WHAT IS BEING ASKED: Exactly the lines below, starting with the one containing "Hierarchical clustering (Ward" and going on through the one containing "Americana Patriotic Eagle", must be reproduced, both ends included, and no pictures with them.

═══ SUPPLIED MATERIAL ═══

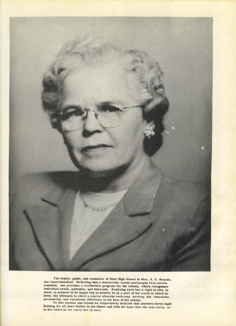 Dedication: Mrs. R. E. Bounds
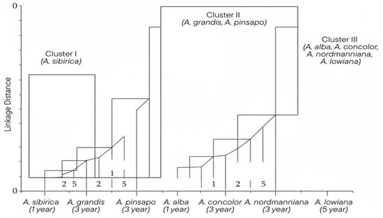 Hierarchical clustering (Ward linkage) of essential oil composition across seven Abies species at different ages. Three main clusters are evident: Cluster I (A. sibirica), Cluster II (A. grandis, A. pinsapo), and Cluster III (A. alba, A. concolor, A. nordmanniana, A. lowiana).
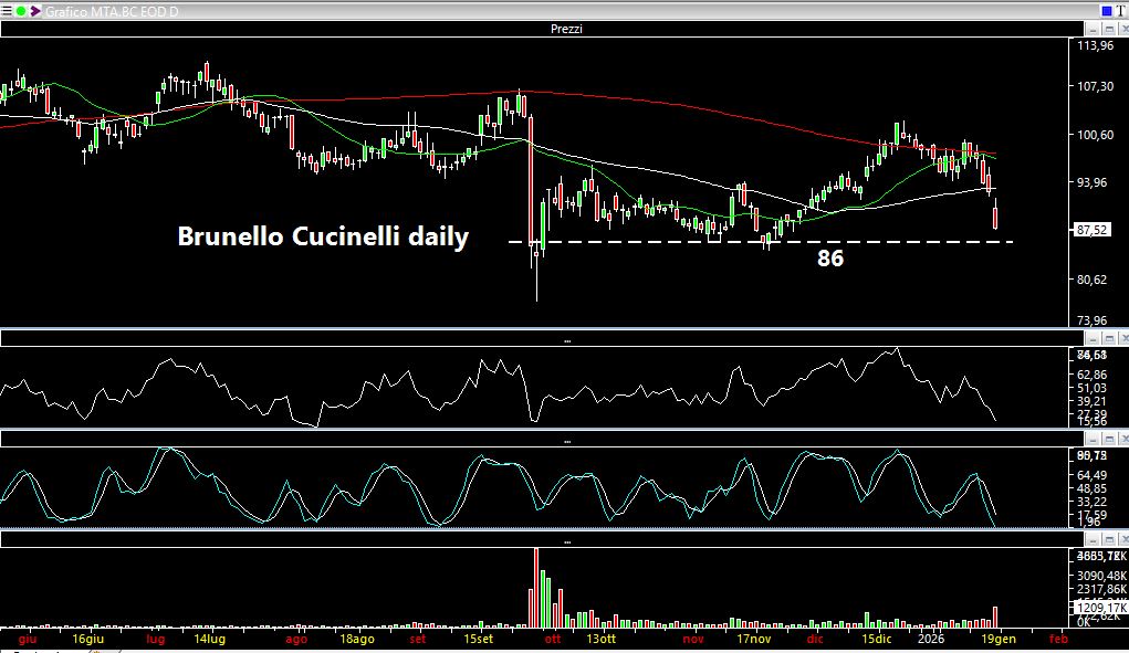 Su Brunello Cucinelli c'è stato invece un abbassamento del target price e pare che l'azione voglia dirigersi verso livelli chiave che identifico negli 86 euro.
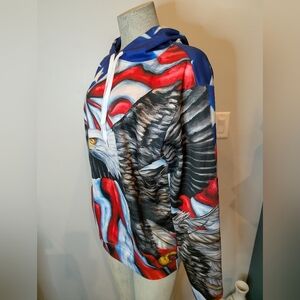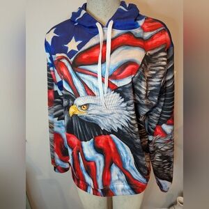 Americana Patriotic Eagle Hoodie with Stars and Stripes Size M Unisex
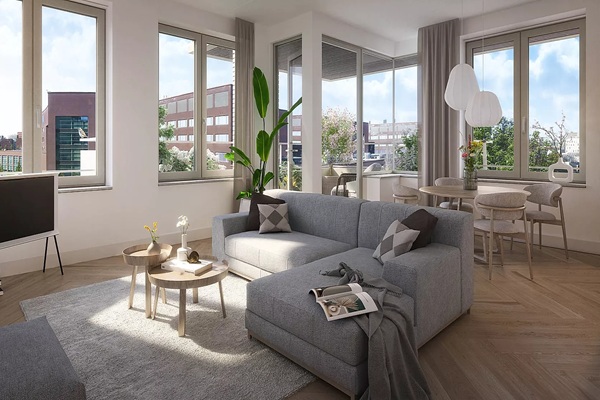 Vanuit de woonkamer is er toegang tot het balkon, dat voldoende ruimte biedt voor een zitje. De slaapkamer is van goed formaat en biedt plaats aan een tweepersoonsbed en kastruimte. Daarnaast is er een aparte werkkamer, geschikt voor thuiswerken of als extra logeerruimte. De badkamer is modern en efficiënt ingericht en er is een separate toiletruimte. In de hal bevindt zich ruimte voor de wasmachine en technische installaties, wat zorgt voor een nette en praktische indeling van de woning. Door de grote raampartijen is er veel daglicht in de leefruimtes en voelt het appartement licht en open aan. De woning is geschikt voor een stel of een werkende professional die op zoek is naar een comfortabel en goed ingedeeld appartement met buitenruimte.
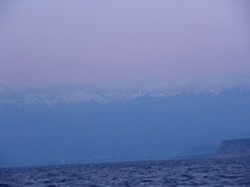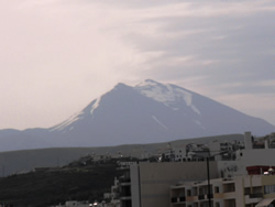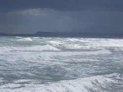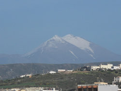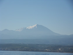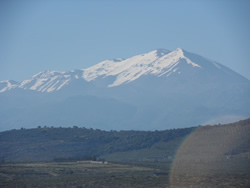 We watched the wind and weather around, the wind was again now steady and a good twenty knots, out went the head sail and off went the engine. The head sail was large enough to give us 5 knots plus and a much smoother ride than the engine in the building swell. The snow on the Psiloritis ldi Mountains was now more visible however the weather around spoiled any opportunities of good pictures.
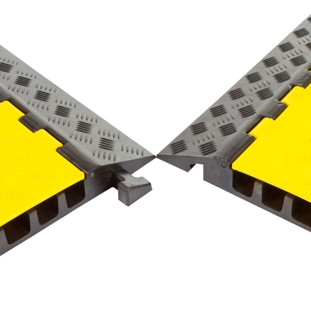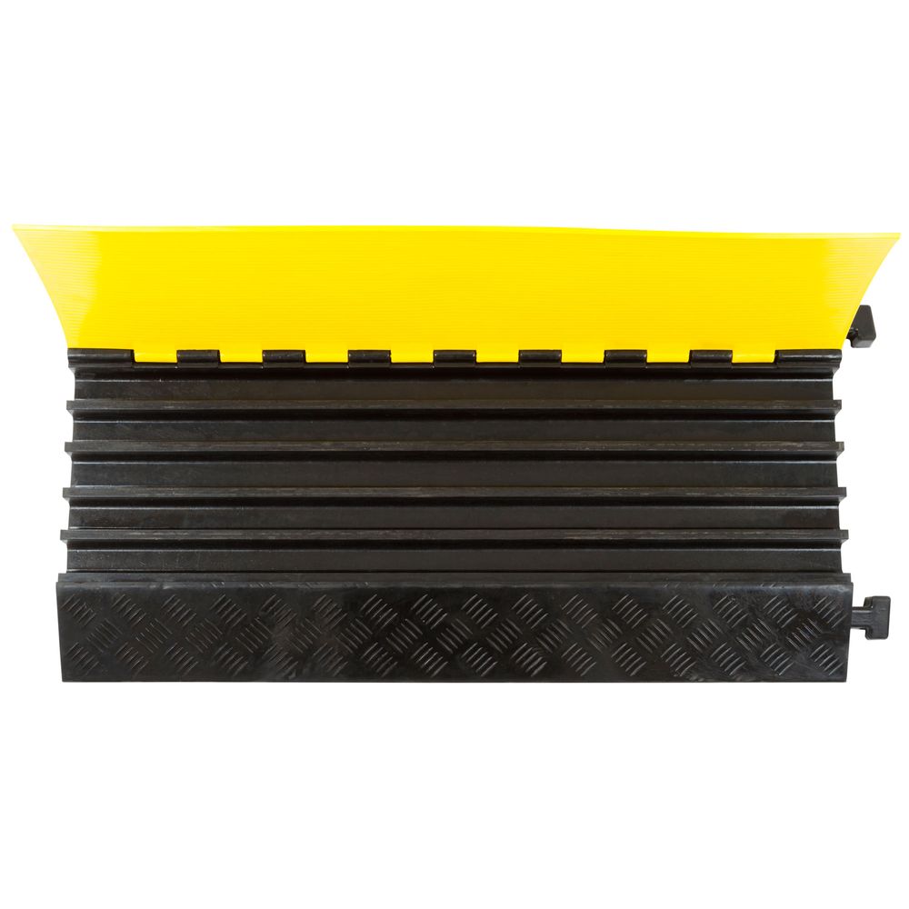 These five-channel heavy-duty Guardian rubber cable protectors keep up to five cables, hoses, or wires protected from vehicle traffic. These cable protectors have four channels that can accommodate cords with outside diameters up to 1.5" and a larger center channel to accommodate hoses and cables up to 1.625" in diameter. The protector features a commercial-grade rubber base with a hinged PVC lid, allowing it to support up to 18,000 lbs per axle. Center sections and optional turn sections (four turn sections are required to make a 90 deg. turn) are joined together with male and female connectors on either side, making it ideal for curving around warehouse racking, large poles, or other objects. The surface has a diamond pattern tread for enhanced traction. The yellow flip-up lid is easily visible and has molded in safety warnings.

═══

OUTPUT OF THE TASK:
 Hierarchical clustering (Ward linkage) of essential oil composition across seven Abies species at different ages. Three main clusters are evident: Cluster I (A. sibirica), Cluster II (A. grandis, A. pinsapo), and Cluster III (A. alba, A. concolor, A. nordmanniana, A. lowiana).
 Su Brunello Cucinelli c'è stato invece un abbassamento del target price e pare che l'azione voglia dirigersi verso livelli chiave che identifico negli 86 euro.
 Americana Patriotic Eagle Hoodie with Stars and Stripes Size M Unisex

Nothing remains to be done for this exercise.